The passage of New York’s anti-cruelty law had nationwide impact: Anti-cruelty laws were adopted in other states, and animal protection societies were formed — many with their own agents empowered to enforce the law, just as the ASPCA did.
Since our founding, the ASPCA has steadily expanded our legislative advocacy on behalf of companion animals and other species. By the 1980s, the ASPCA employed part-time lobbyists in Albany, New York and Washington, DC, and by the mid-1990s had launched a Government Affairs and Public Policy department to advance animal-protection laws nationwide.
Today, the ASPCA’s legislative team includes more than 20 staff members located throughout the nation and the District of Columbia, working on local, state and federal laws for animals — a scope Bergh could scarcely have imagined.

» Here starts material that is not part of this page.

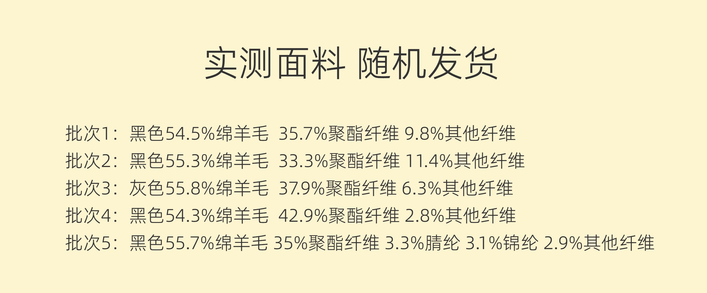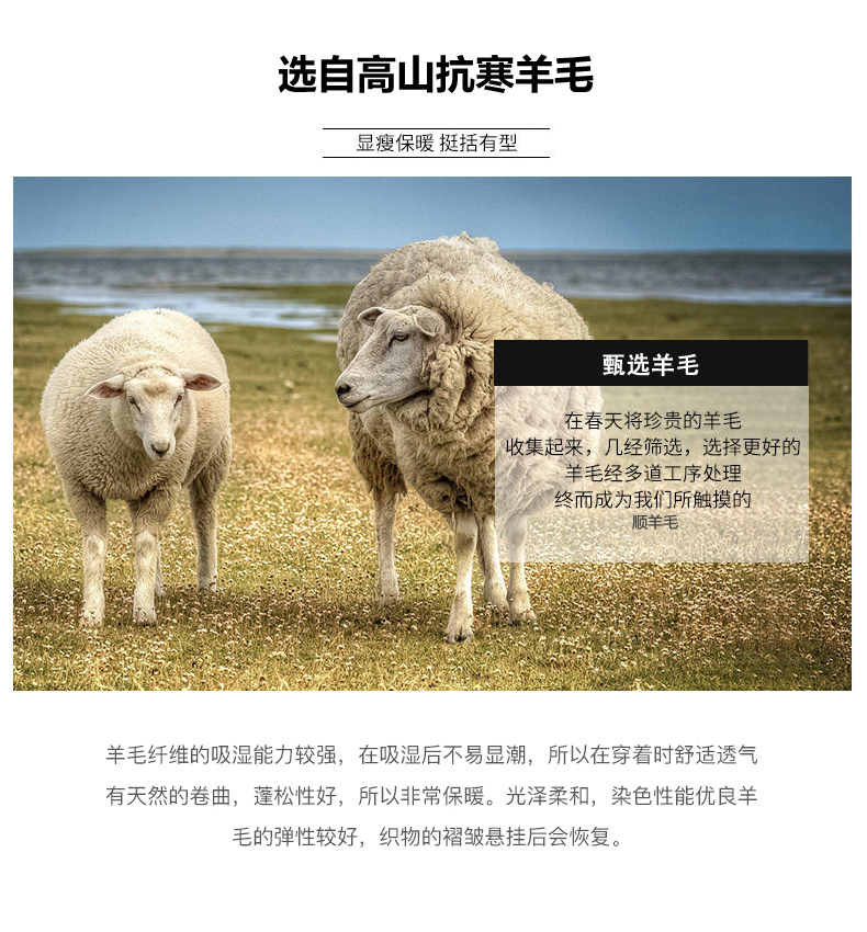 | 材质成分: | 绵羊毛55.4% 聚酯纤维42.2% 其他材质2.4% |

The ASPCA’s current key policy issues include, but are not limited to:
- Ending the abuse of dogs in puppy mills and banning retail and online puppy sales
- Strengthening enforcement of anti-cruelty laws
- Expanding access to care and critical resources for owned pets
- Preventing cruelty to horses
- Building a more humane food and farming system
- Ensuring disaster preparedness that protects animals and families
State Highlights

Across the states, the ASPCA has driven impactful legislation and turned advocacy into action, advancing laws that shut down puppy mills, expand pet-friendly housing, protect consumers and farm animals, and improve access to veterinary care. Recent achievements include:
- Puppy mill reform: In New York, the ASPCA was a main driver behind passage of the Puppy Mill Pipeline law, which ended the sale of cruelly bred puppy mill dogs in pet stores across the state. The ASPCA also helped enact a first-in-the-nation measure in California that prevents brokers — middlemen — from skirting the state’s prohibition on selling puppy mill dogs online to Californians.

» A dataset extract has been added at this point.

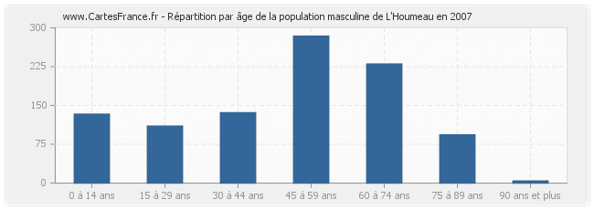 Répartition de la population masculine de L'Houmeau par âge en 2007 :

- Housing protections: The ASPCA has led efforts in multiple states to increase access to pet-friendly housing. California now prohibits no-pet policies in publicly funded housing, and Colorado prohibits excessive pet fees from being included in rent.
- Consumer protections: The ASPCA also achieved first-in-the-nation bans on insurance-company breed discrimination in New York, Nevada and Colorado. We also took on the predatory practice of pet-leasing, securing wins in California, Nevada and New York.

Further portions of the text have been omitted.